I can reproduce this

Starting validation on cluster-1676904778-m-2:
+ oozie admin -sharelibupdate  
Connection exception has occurred [ java.net.ConnectException Error while authenticating with endpoint: http://cluster-1676904778-m-2.c.cjac-2021-00.internal:11000/oozie/versions ]. 
Trying after 1 sec. Retry count = 1
Connection exception has occurred [ java.net.ConnectException Error while authenticating with endpoint: http://cluster-1676904778-m-2.c.cjac-2021-00.internal:11000/oozie/versions ]. 
Trying after 2 sec. Retry count = 2
Connection exception has occurred [ java.net.ConnectException Error while authenticating with endpoint: http://cluster-1676904778-m-2.c.cjac-2021-00.internal:11000/oozie/versions ]. Trying after 4 sec. Retry count = 3
Connection exception has occurred [ java.net.ConnectException Error while authenticating with endpoint: http://cluster-1676904778-m-2.c.cjac-2021-00.internal:11000/oozie/versions ]. Trying after 8 sec. Retry count = 4
java.net.ConnectException: Error while authenticating with endpoint: http://cluster-1676904778-m-2.c.cjac-2021-00.internal:11000/oozie/versions
cjac commented 1 year ago

I think the endpoint host needs to be the cluster name not the master node name.

in http://cluster-1676904778-m-2.c.cjac-2021-00.internal:11000/oozie/versions, the value cluster-1676904778-m-2 should instead be cluster-1676904778 I believe.

cjac commented 1 year ago

/gcbrun

cjac commented 1 year ago

well, that unexpectedly worked.

cjac commented 1 year ago

/gcbrun

cjac commented 1 year ago

/gcbrun

cjac commented 1 year ago

That one worked for all but 2.1-ubuntu20.

cjac commented 1 year ago

/gcbrun

cjac commented 1 year ago

/gcbrun

cjac commented 1 year ago

/gcbrun

cjac commented 1 year ago

I enabled rocky8 tests in the last run. 2.0 passed, but 2.1 is missing unzip and 1.5 didn't finish before the failure.

cjac commented 1 year ago

/gcbrun

cjac commented 1 year ago

/gcbrun

cjac commented 1 year ago

/gcbrun

cjac commented 1 year ago

/gcbrun

cjac commented 1 year ago

Okay.
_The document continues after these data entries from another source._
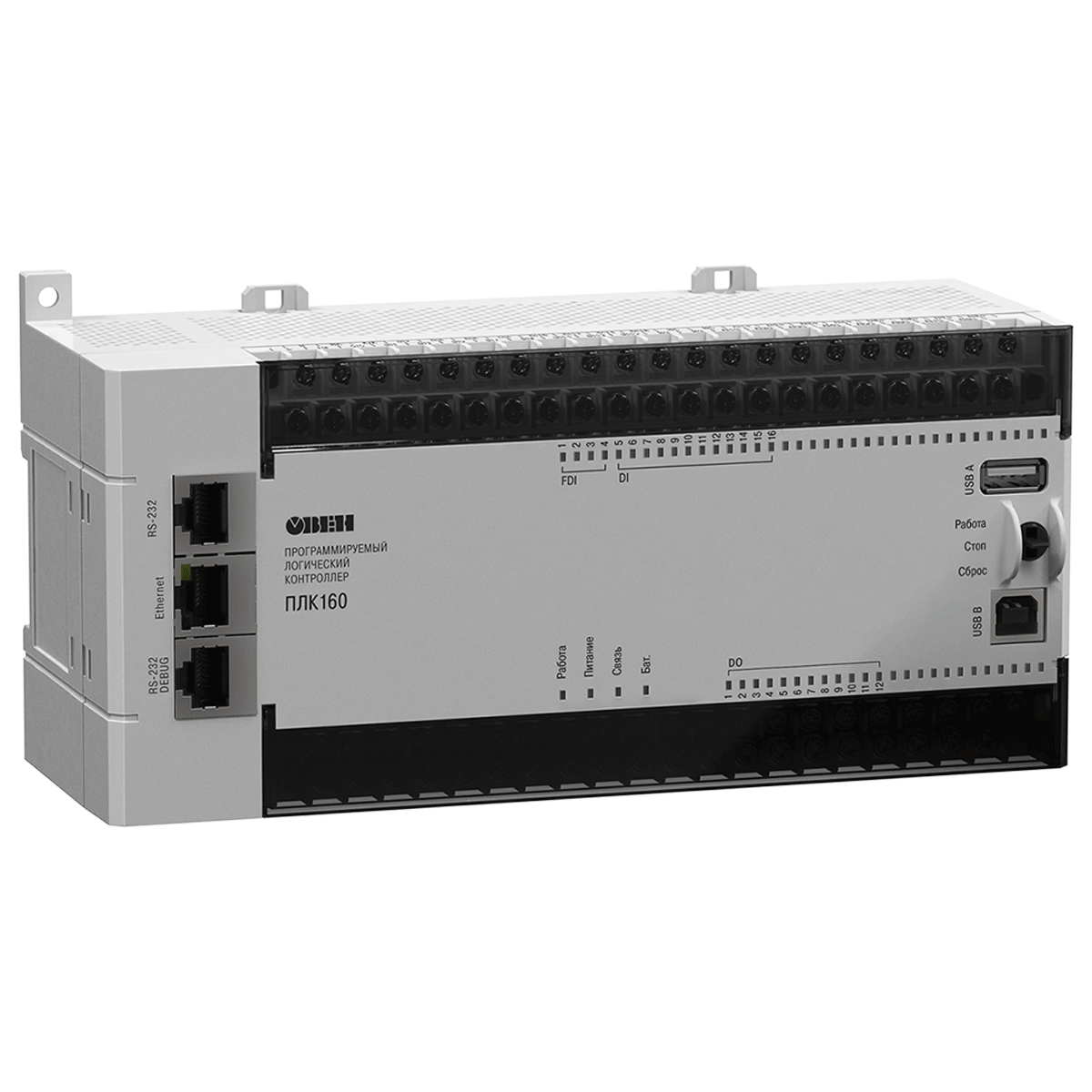 ОВЕН ПЛК160 [М02] – линейка программируемых моноблочных контроллеров с дискретными и аналоговыми входами/выходами на борту для автоматизации средних систем.
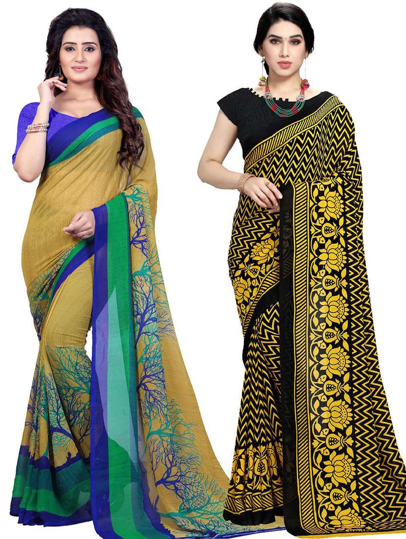 women pack of 2 casual wear combo sarees with blouse
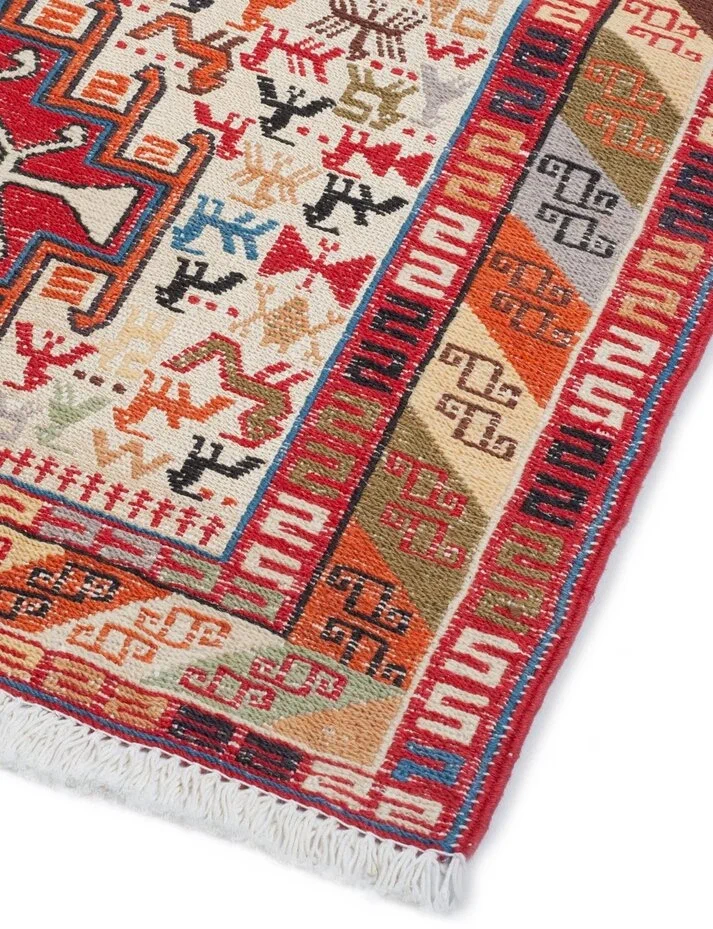 Каждый ковер ручной работы – настоящее произведение искусства. Его украшает традиционный орнамент из ромбов, квадратов, полосок и звезд. В колористическом решении используются синий, желтый, красный, зеленый и бежевый цвета.
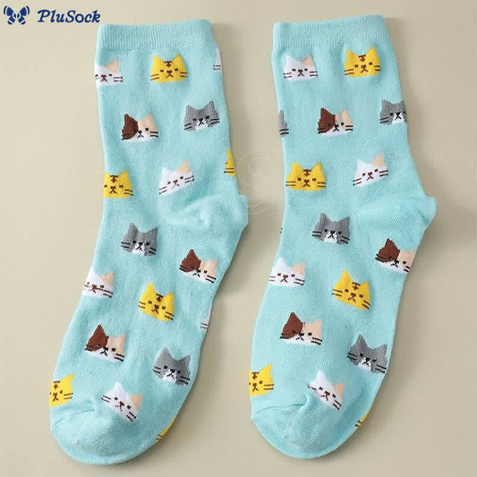 Cartoon Cat Head Quarter Socks(5 Pairs)
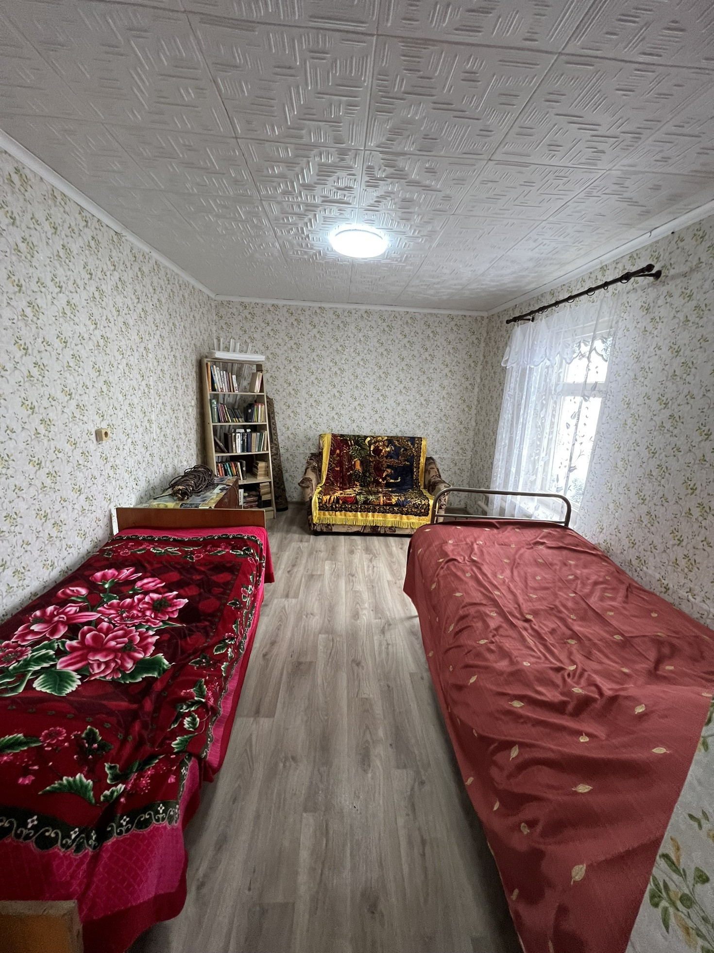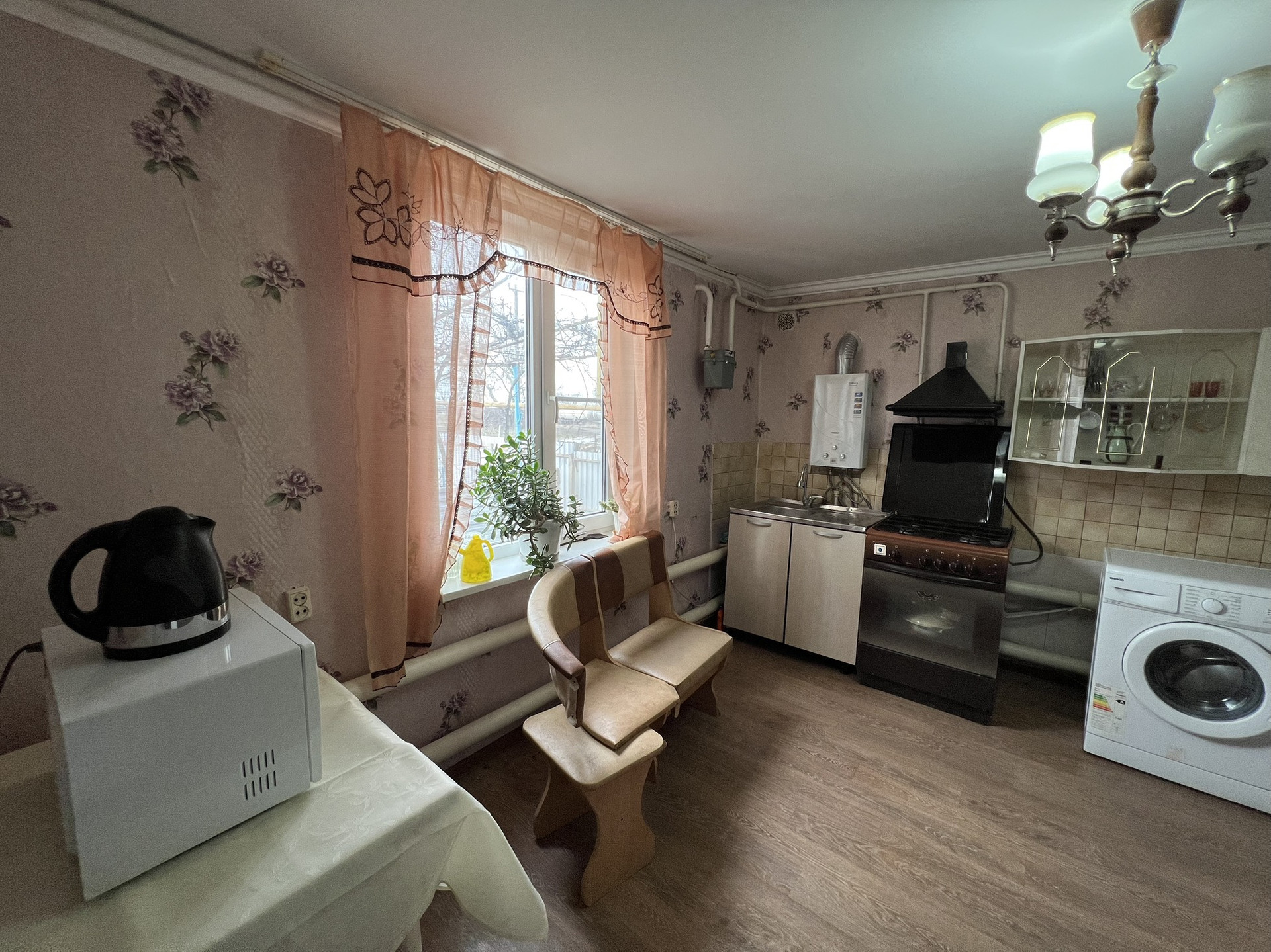 2-х комнатная квартира. Площадь 27,8 м2. Квартира очень теплая, высокие потолки. В квартире находится кухня, ванная комната, прихожая, зал, спальня. Установлен кондиционер, телевизор, бытовая техника. На приусадебном участке находятся 2 комнаты для отдыхающих, в комнаты подведены: газ и вода. Также есть баня в недостроенном состоянии, участок под строительство, подвал, ухоженный огород.
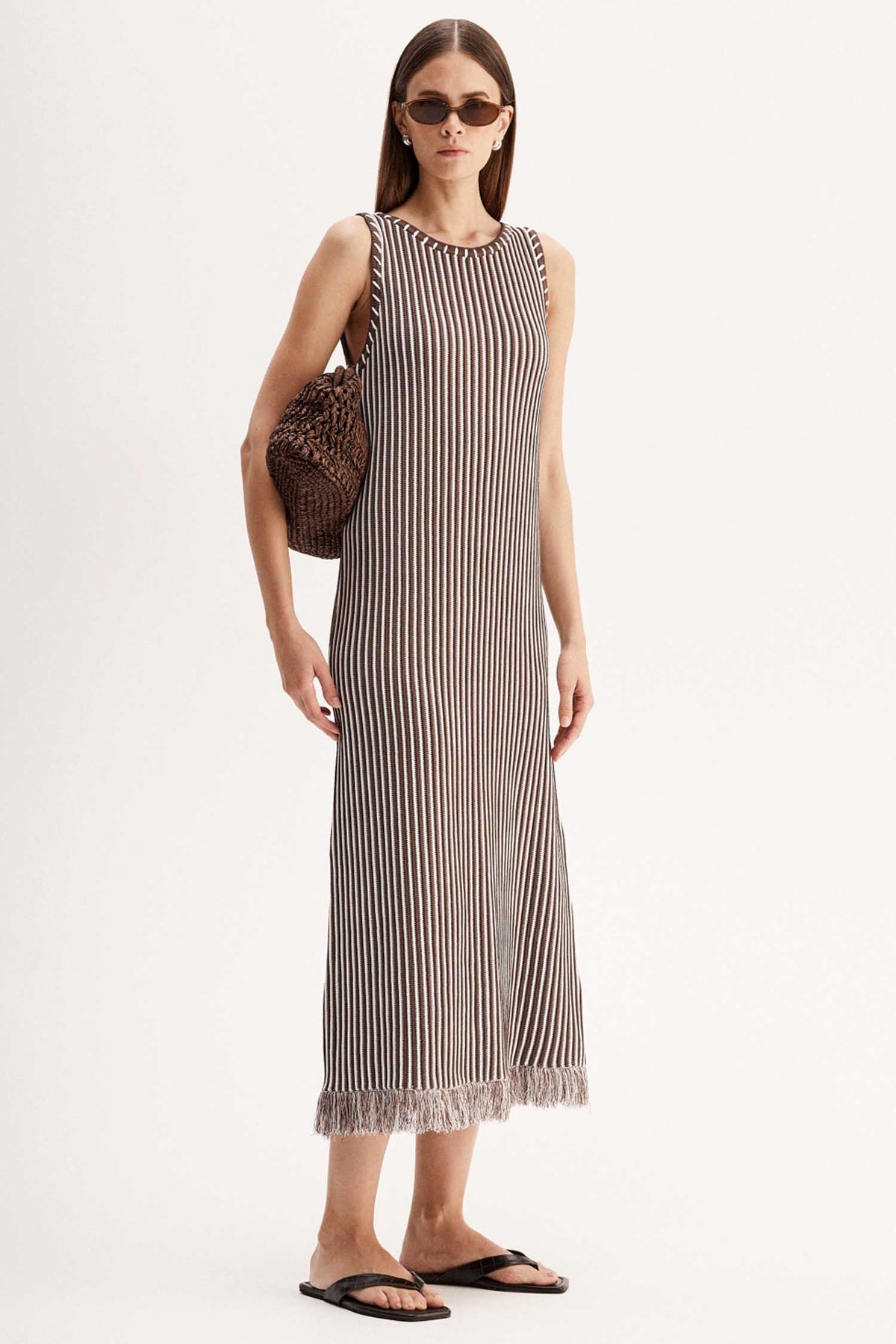 The Alessandra Maxi Dress in Chocolate Stripe from Elka Collective is made of a soft, luxe stripe knit fabric with a delicate fringe hem. Designed for elevated casual outfitting, this dress features double back ties for a customisable fit. Pair with easy slides and a Summer clutch for a chic brunch look.

Kuldeep, if you can give me an LGTM, we can get this merged!

I didn't include rocky support for this PR. I think we can get it working in another one soon.

kuldeepkk-dev commented 1 year ago

Tested this manually on dataproc 2.1-debian11 and zookeeper is failing to restart properly. Due to which init action is failing followed by cluster creation failures.

Line 577 needs to be replaced as below, followed by more testing on different variants for HA setup.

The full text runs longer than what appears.